After U.S. biotechnology stocks on Mar. 21 suffered their worst day since October 2011, investors raised questions as to whether the sector is finally running out of momentum.

The selloff started early, following news that lawmakers had asked Gilead Sciences to explain the $84,000 price tag of its new hepatitis C drug Sovaldi, which is encountering resistance from health insurers and state Medicaid programs.

"Once the Congress gets involved, there is a risk for the whole sector, especially if the focus of the action is primarily on pricing," Tim Ghriskey, chief investment officer of Solaris Asset Management, told news agencies.

"The sector has also gotten more vulnerable after this huge rally and with valuations above historic averages," there is going to be selling pressure for at least several weeks," Ghriskey added.

The selloffs could be problematic for biotech, a sector that has jumped more than 250 percent over the past five years, observers say.
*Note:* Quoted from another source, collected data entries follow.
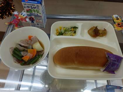 今日の献立は、「コッペパン」「ブルーベリージャム」「牛乳」「鶏肉のカレー風味焼き」「スープ煮」「野菜のソテー」です。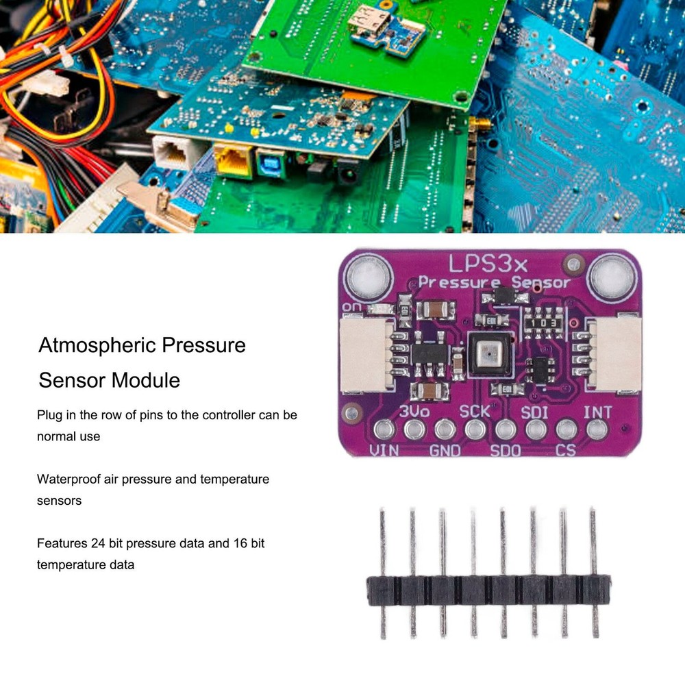 Feature: 1. WATERPROOF: Safe for use in wet environments, the sensing element is firmly encapsulated in a waterproof gel to prevent water from entering the sensor and interfering with readings. 2. MEASURING RANGE: The sensing module has a measurement range of 260 to 1260hPa and can withstand pressures up to 20 times its measurement range. 3. HIGH ACCURACY: The sensing module has 24 bits of pressure data and 16 bits of temperature data and provides pressure readings with an accuracy of ±0.1%. 4. SMALL AND COMPACT: The sensing module is compact, does not take up much space for installation, and supports SPI and I2C communication. 5. EASY TO USE: The sensor module can be plugged into the controller with a row of pins for normal , which is very simple. Specification: Item Type: Atmospheric Pressure Sensor Module Material: PCB Pressure Range: 260 to 1260 hPa Output: 24 bit pressure data output, 16 bit temperature data output Communication: SPI and I2C Board Size: Approx. 18 x 25mm / 0.71 x 0.98in Package List: 1 x Atmospheric Pressure Sensor Module 1 x Pin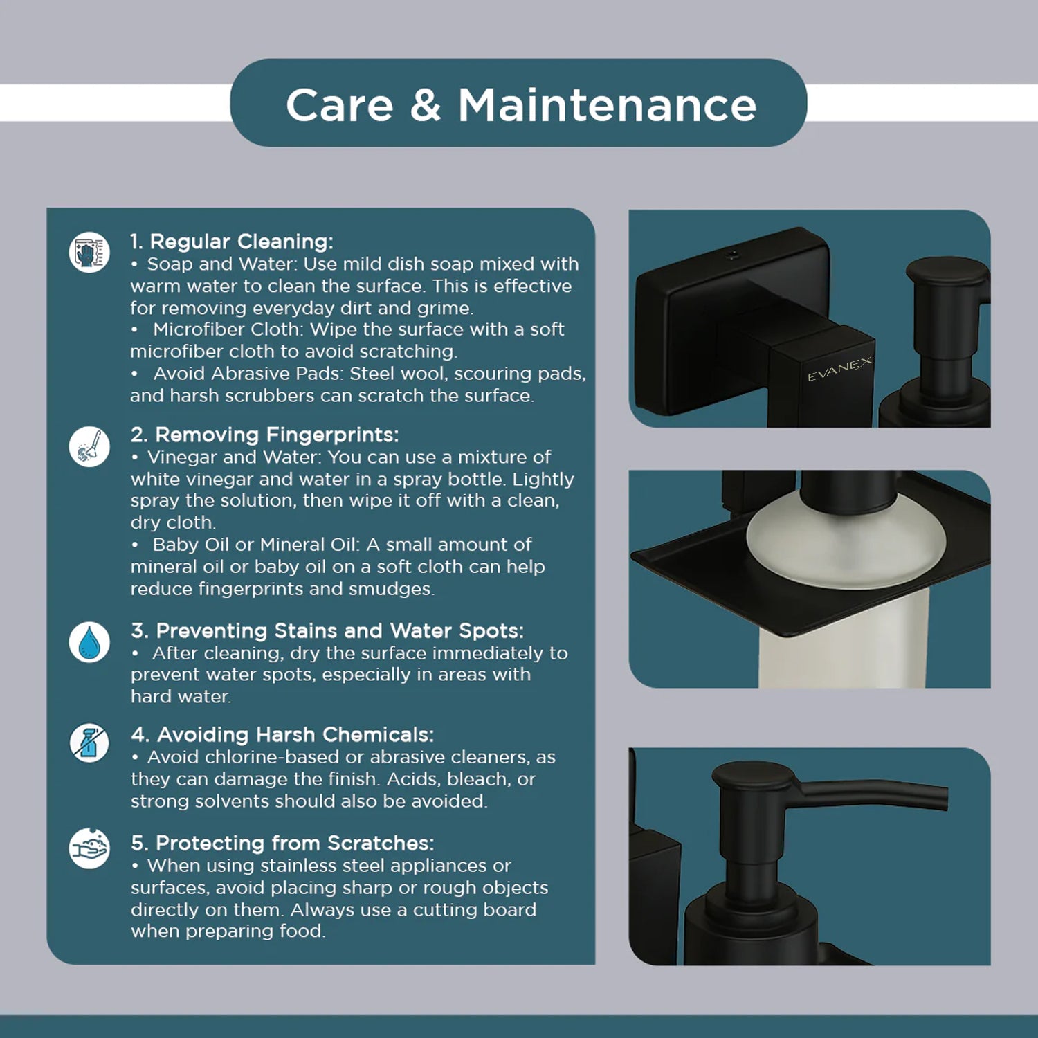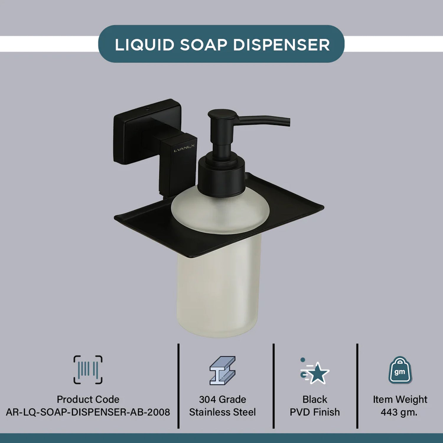 Evanex Stainless Steel Black Matt Liquid Soap Dispenser for Bathroom (12.4X12.3X15.5 CM)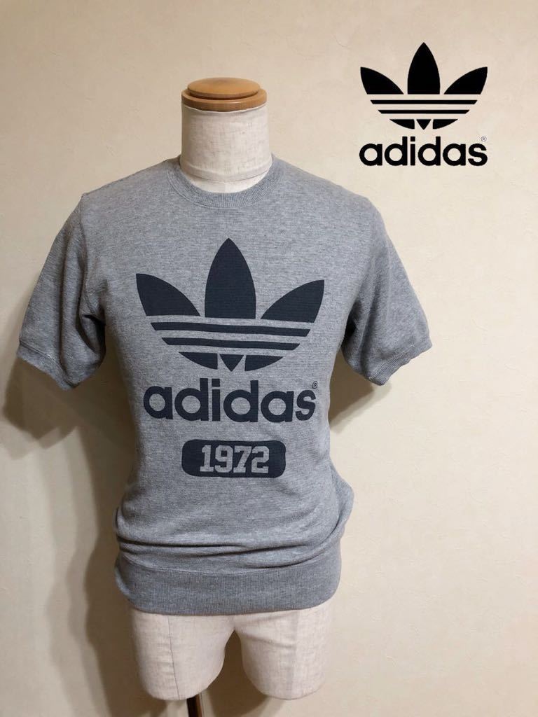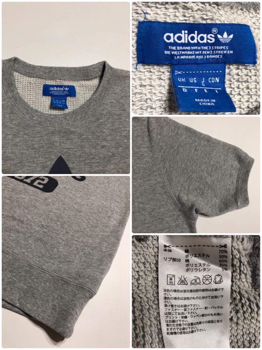 adidas originals アディダス オリジナルス トレフォイル ビッグロゴ スウェット クルーネック Tシャツ トレーナー サイズS 半袖 グレー

Investors in the options market have shifted activity to bets on further gains over the past year, and more analysts have buy ratings on biotech names than any other sector.

Short interest in the top 10 performers in the biotech sector in 2014 stood at about 6.2% on average as of end of February, according to data compiled by the news agency Reuters.

Despite the recent decline, the biotechnology sector is still up nearly 9% for the year. It has risen in five straight years, for a total gain of 253%, Reuters' figures show.

A study looking at options activity in the top 50 biotech performers in 2014 showed fewer bearish bets placed compared to a year ago. According to analysts, this suggests that sentiment has grown more positive as investors are more fearful of missing gains than protecting against losses.